Bad Little Girl(7)



They stayed in the kitchen with their tea, Johnny snorting into his food, the pips of the six o’clock news just gone. Mother brought out the biscuits – she always had a high-end box of biscuits that had been given to her by one grateful parent or another.

‘Strange day?’

‘Sad.’ Claire took the plainest biscuit she could find. ‘A girl, not one of mine, took something from an older girl. I don’t think she really knew what she was doing. Anyway, it all got a little out of control – the parents were called in. Parent I should say. And I saw the mother hit her—’

‘Hit her? How?’

‘Slap. Across the face.’

Mother winced, shrugged, took a biscuit. ‘It happens.’

‘I took it to James. He said that I was overstepping the mark.’ She waited.

Norma furrowed her brow, picking through the biscuits. ‘Do they all have to be chocolate? Some people don’t like chocolate.’

‘You think so too,’ Claire said flatly.

‘No, no I don’t think that. But there’s that note in your voice again, the Guardian Reader Wobble—’

‘Hitting a child—’

‘Is not good. No. Not good at all.’ Norma picked fussy flakes of dark chocolate off a wafer. ‘But you know as well as I do that sometimes parents get it wrong, out of embarrassment, fatigue. They snap. It doesn’t make them bad people, it just means they did a bad thing.’

‘It’s the same mother – Carl Bell’s mother, you remember all the trouble we had with him.’

‘Well, in that case I have even more sympathy for the woman. Bad enough having one child like that, without having to worry about the other one being a kleptomaniac.’

‘She’s only six.’

‘Oh Claire. They know what they’re doing at that age.’

Claire slumped, looking at her bony hands lying in her lap. ‘But still, calling in the parent, the whole school involved—’

‘How was the whole school involved? Sit up straight.’

Claire straightened. ‘I mean the whole school knew about it. All the children were talking about it.’

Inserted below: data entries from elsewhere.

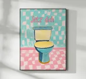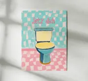 Un biglietto illustrato umoristico per il bagno degli ospiti: "Siediti, non fare pipì in piedi!". - in colori pastello e design minimalista, perfetto per un bagno moderno.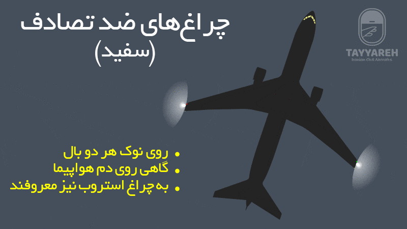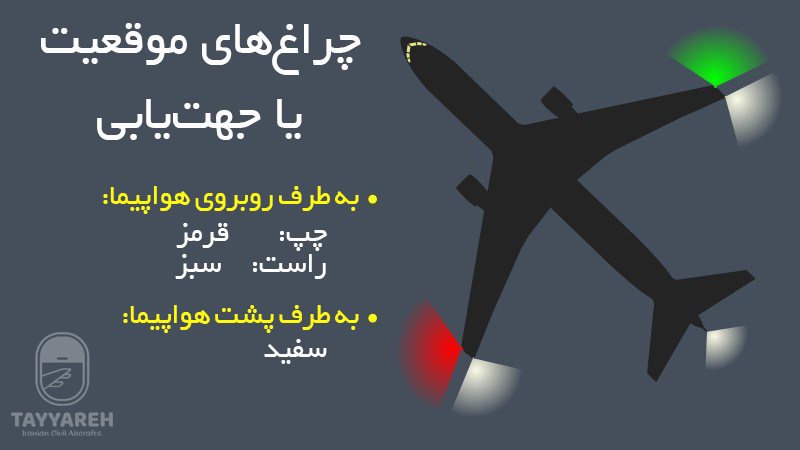 1. چراغهایی که وظیفه تعیین موقعیت هواپیما و کاهش خطر برخورد با آن را دارند؛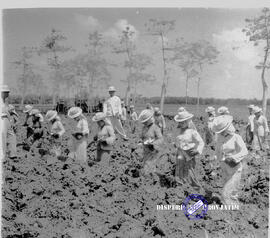 Item III.H.TT.2020 - Perkebunan gula. Para pekerja perkebunan terlihat ibi-ibu sedang melakukan penanaman tebu dan diawasi oleh mandor/pengawas perkebunan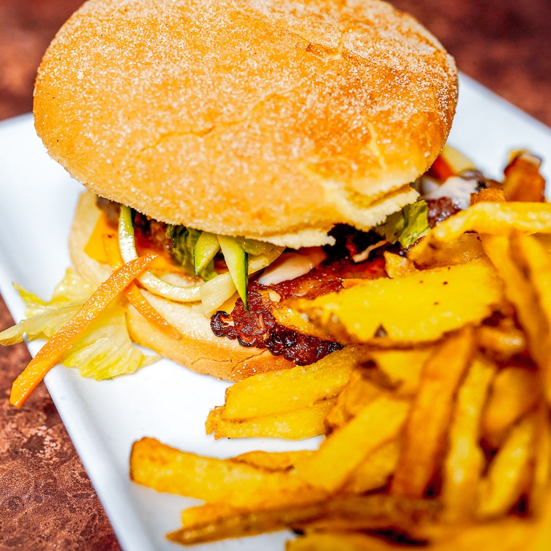 Cheap meat with cartilage, not medium as ordered, tons of readymade cheap mayo, terrible industry cheese (this is not cheddar!), at least fries were okish but super fat.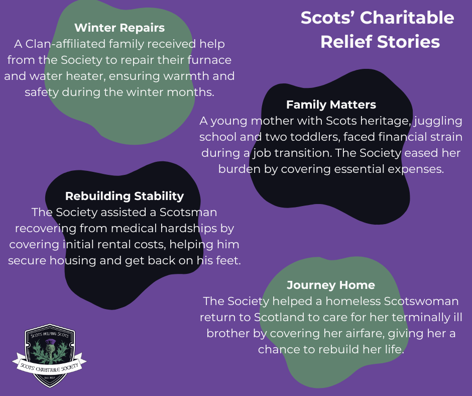 We appreciate that everyone needs a helping hand from time to time and Scots’ Charitable want to make sure that a ‘hand’ is offered to the Scottish-American community. Therefore, the organization has resources and funds in place to offer relief and aid where applicable. You do not have to be a member to request relief – as long as you are of Scottish descent you can apply. Please do not hesitate to get in touch to find out more information – all inquiries stay confidential.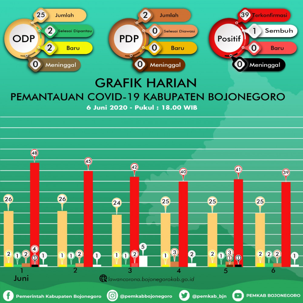 Update Corona Bojonegoro 6 Juni: ODP 25, PDP 2, Positif 63 Meninggal 11 Sembuh 13

‘Well, it sounds like it was quite a public crime. What were they meant to do?’ Norma was smiling now.

‘I know but . . . oh, I don’t know. It was all so – needless. Silly. She’s such a little girl, and I don’t believe for a moment that she meant to—’

‘Oh Claire, we’ve been here before. Remember Lisa Pike? The one who was putting the shoes down the toilets? You were convinced that she’d done it by accident. How can you put shoes down a toilet by accident? And Jamie – Dowes, was it? You were determined that he didn’t throw the football through that window on purpose. Until he told you that’s exactly what he’d done. Children are just people, you know. And some people aren’t very nice.’

‘But, hitting her. And in the school as well. It makes you think, if she’s willing to hit her child in a school, then Lord only knows what she’s willing to do behind closed doors. Jade Wood—’

‘Now, wait a minute, you weren’t to blame for Jade Wood,’ Norma said firmly. ‘Claire, you didn’t see anything of the girl. Remember? She wasn’t in your year group.’

‘No, but if I’d kept my eyes open . . .’

‘I’m absolutely sure that if you’d seen anything – let alone the girl going through the bins for food – you would have said something. But you didn’t see anything Claire. And it wasn’t your fault, it was your colleagues’ fault. And the parents that stopped feeding her in the first place. And social services did get involved eventually, didn’t they?’

‘Only after she’d been out of school for a month, being home-educated, or whatever her mother told us. But I’m positive some of the teaching staff would have noticed, even when she was still at school. All that weight loss . . .’

‘Claire, that was a terrible case, and they were terrible parents, but try as you might, you really can’t blame yourself. You really can’t.’

‘But if I notice things, and disregard them. And then when something terrible happens, well, I will be sort of to blame, won’t I? You can see that, can’t you?’

‘I can see that you’re trying as hard as you can to blame yourself for something that probably isn’t happening. You saw a girl being slapped. Not good, but not a hanging offence. And you know as well as I do that if you try to call that in to social services it will go precisely nowhere.’

‘But—’

‘No “but” about it. It’s true. Tea?’ That was Norma’s signal to end the conversation. She always used tea as punctuation.

Cheated and defeated, Claire slumped in her chair again, her fingers tracing the cracks and gnarls in the old oak table. She’d wanted to talk more about Lorna. She needed to. But Norma was leaning wearily against the countertop with her eyes closed. ‘Anyway, how was your day? You look tired.’

‘Ach—’ Norma swatted at the air in front of her dismissively. ‘The usual.’ Claire waited, but that seemed to be the end of it. It wasn’t like Norma not to talk about her day. She loved work, and was able to make even the most familiar things sound interesting, funny. ‘You’re well though? Feeling all right?’